C’est au début des années quatre-vingt-dix que nous avons englouti une bonne partie de nos ressources dans la construction de la plus grande basilique du monde avant ou après celle du Vatican. Nous rêvions secrètement d’y voir débarquer des charters entiers de touristes. Force est de reconnaître que depuis plus de vingt ans, on n’en voit pas beaucoup. Nos réceptifs hôteliers sont désespérément vides et nous ne comprenons pas pourquoi.

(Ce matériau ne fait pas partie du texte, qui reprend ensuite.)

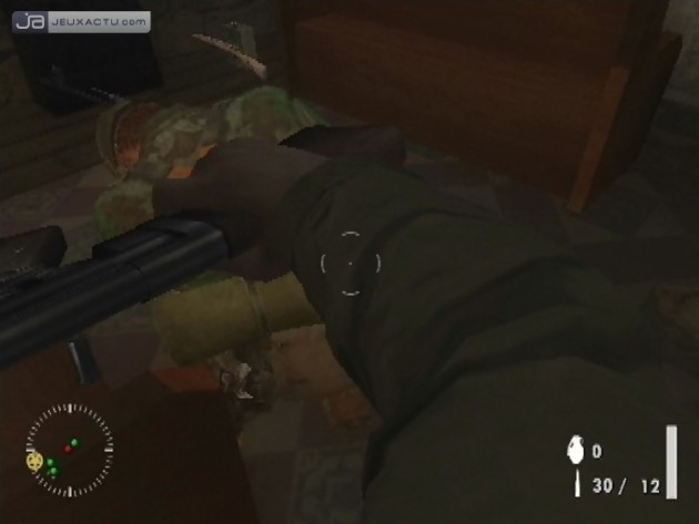 C’est d’autant plus regrettable que Medal of Honor : Avant-Garde est plutôt du genre à tomber sous le sens une fois la manette en main. Les différentes actions s’enchaînent sans grande difficulté même s’il faudra un petit temps d’adaptation avant de se familiariser avec le système de visée quitte à modifier la sensibilité des axes X et Y dans les options. Sur Wii, les sensations sont différentes, un brin plus immersives puisque le joueur devient acteur. On vise avec la Wiimote, on déplace le personnage et on recharge son arme avec le Nunchuk. Ceux qui ont eu l'occasion de jouer à Call of Duty 3 sur Wii devraient trouver leurs marques très rapidement. Afin de dynamiser les joutes armées, Electronic Arts propose aux rois de la gâchette un maximum de planque depuis lesquelles se pencher, se mettre à couvert afin d’arroser les soldats sans risquer pour sa santé. A ce propos, on trouvera la présence de caisses et autres bidons un peu too much ce qui tranche radicalement avec l’intérieur de certains bâtiments d’un vide abyssal. Le level design, à quelques exceptions près, est d’une banalité affligeante tant et bien que l’on remarque que pour atteindre un point de sauvegarde pas besoin de défourailler les ennemis nazis. Il suffit parfois simplement de courir comme un dératé en maintenant R3 ou L2 enfoncé pour repousser les vagues ennemies et récupérer un checkpoint. Tout de suite, ça casse un peu l’intérêt de Medal of Honor : Avant-Garde qui pourtant joue la carte de l’ambiance avec des musiques et des bruitages travaillés tout comme quelques scripts ici ou là assurant quelques actions spectaculaires.

Finalement, que craignions-nous en instaurant nos visas aux Européens et Américains qui veulent venir chez nous ? Que craignons-nous toujours en les maintenant ? D’être envahis par des hordes d’Européens et d’Américains affamés qui chercheraient à venir nous piquer nos bananes braisées et notre attiéké ? Il faudrait que nous sachions ce que nous voulons. Quand on veut des touristes et des investisseurs pleins de devises, on ne met pas d’entraves à leur venue. Or, c’est ce que nous faisons. Dans un pays comme la Tunisie dont les ressortissants doivent obtenir des visas pour se rendre en Europe, les Européens peuvent y aller en présentant seulement une carte d’identité. Les Tunisiens n’ont pas cherché à appliquer la réciprocité. Ils ont compris que si les Européens n’avaient pas besoin d’eux dans leurs pays, eux par contre avaient besoin des Européens, et surtout de leur argent dans leur pays. Le résultat est que des millions de touristes défilent chaque année en Tunisie, en y laissant de substantielles devises. Tunis est à deux heures de Paris avec des billets d’avion qui ne coûtent pas cher. Abidjan, c’est à près de six heures, avec des billets d’avion qui coûtent les yeux de la tête. Si en plus, nous y ajoutons des visas qu’il faut trimer pour obtenir, ne soyons pas étonnés de ne pas voir beaucoup de touristes sur nos plages et autour de notre basilique. Même Dieu ne fera pas de miracle pour ça.